When that happens, the token I get is "var=" or "a>", which is not what I need. I need to get "var" "=" "a", wherever the operator is written(right, center or left). Any idea of how can i do that?

BTW: I'm saving each token I get from the file in a singly linked list.
THANKS.

ArkM · Aug 1, 2006

Well, start your own scanner (on char by char basis, of course) then we can help you to proceed...

dEVooXiAm · Aug 2, 2006

Simply DO NOT count on spaces, but character types instead: Alpha characters (A-Z, a-z, _), numbers (0-9), special characters (=, >, <, etc.) and finally spaces - thats space or tab. And construct a TOKEN everytime the type changes.

------------------
When you do it, do it right.

cpjust · Aug 2, 2006

You could also write a pre-parser, that searches for those assignment/comparison operators and adds spaces before and after them if necessary.

cdlvj · Aug 3, 2006

look at strtok function.

cpjust · Aug 3, 2006

strtok() won't help him if there is no whitespace between the var and '='...

Salem · Aug 3, 2006

Create several character set tests
matchIdent - A-Z, a-z, 0-9, _
matchDigit - 0-9
matchSpace - space, tab, newline, formfeed, vertical tab
matchOp - <, >, =, !, &, |,

The first character which matches determines what the sequence which follows should all match.

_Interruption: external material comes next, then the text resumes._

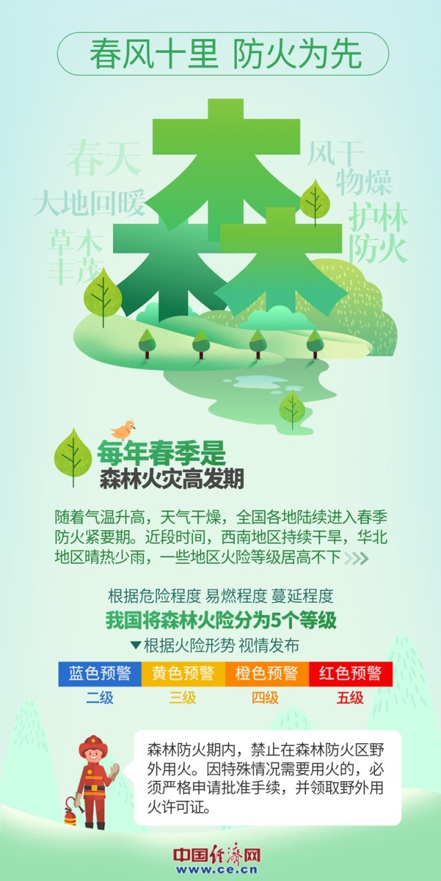 中國經濟網(wǎng)北京4月3日訊(記者 楊秀峰 李冬陽 景遠)近期,春耕生產、踏青旅游、民俗祭祀等活動逐漸增多,一些地區(qū)接連發(fā)生森林火災;一些地區(qū)火險等級居高不下,全國各地陸續(xù)進入春季防火緊要期,防滅火形勢嚴峻復雜。

So reading "var >=a" would be
- read v, which matches with matchIdent, so keep progressing until matchIdent is false (this gets you "var")
- read a space, so keep matching with isSpace (" ")
- read >, matches with matchOp, so keep matching with that function (gets you ">=")
- read a, gets you "a"

Thoughts?

If this is a fairly complex grammar, then lex/yacc (or flex/bison) are worth looking into, since all you have to do is define the rules of the grammar, and it takes care of all the awkward tokenising bits.

--

cdlvj · Aug 3, 2006

Sure it will.

Code:

// strtok.cpp : Defines the entry point for the console application.
//

#include "stdafx.h"
#include "string.h"

void srtest( char *t )
{
	int i;
	char data[64];
	strcpy(data,t);
        char delims[] = "=<> ";
        char *result = NULL;
        result = strtok( data, delims );
        while( result != NULL ) {
           printf( "result is \"%s\"\n", result );
           result = strtok( NULL, delims );
         }            

}

int _tmain(int argc, _TCHAR* argv[])
{

	srtest("var=10");
	srtest("var =10");
	srtest("var= 10");
	srtest("var<10");
	srtest("var>10");
	return 0;
}

Code:

result is "var"
result is "10"
result is "var"
result is "10"
result is "var"
result is "10"
result is "var"
result is "10"
result is "var"
result is "10"

cdlvj · Aug 3, 2006

And this returns same results:

Code:

        srtest("var               =10");
	srtest("var =10             ");
	srtest("var=                   10");
	srtest("var  <    10");
	srtest("  var       >10");
	srtest("  var>10");

cpjust · Aug 3, 2006

klose86 said:
I need to get "var" "=" "a", wherever the operator is written(right, center or left). Any idea of how can i do that?

Based on the original question, you're code only fulfills 2/3 of the requirements.

klose86 · Aug 5, 2006

Well, thank you very much for your help.
Before I started this thread I was working with the strotk() function, but as "cpjust" said, it didn't fullfill my requirements.
So what I did was to write a function that read the file char by char, using fgetc() function and inside a while loop and I save every char in an array that will contain a complete token when the loop ends. I skip the white spaces and other simbols just asking if what I got from fgetc() matches those symbols. But if its equal to an operator (>,<,=, etc) I save that char in the array and then break the loop, so that the function doesn't save the other chars.
I worked, but sometimes, it doesn't. Specially when it comes to parenthesis (I need to save them too). The closing parenthesis is always at the end, and it seems that the loop doesn't get there, so it saves "a)" as it is, instead of "a" ")". Well, at least I'm happy it works in most of the cases.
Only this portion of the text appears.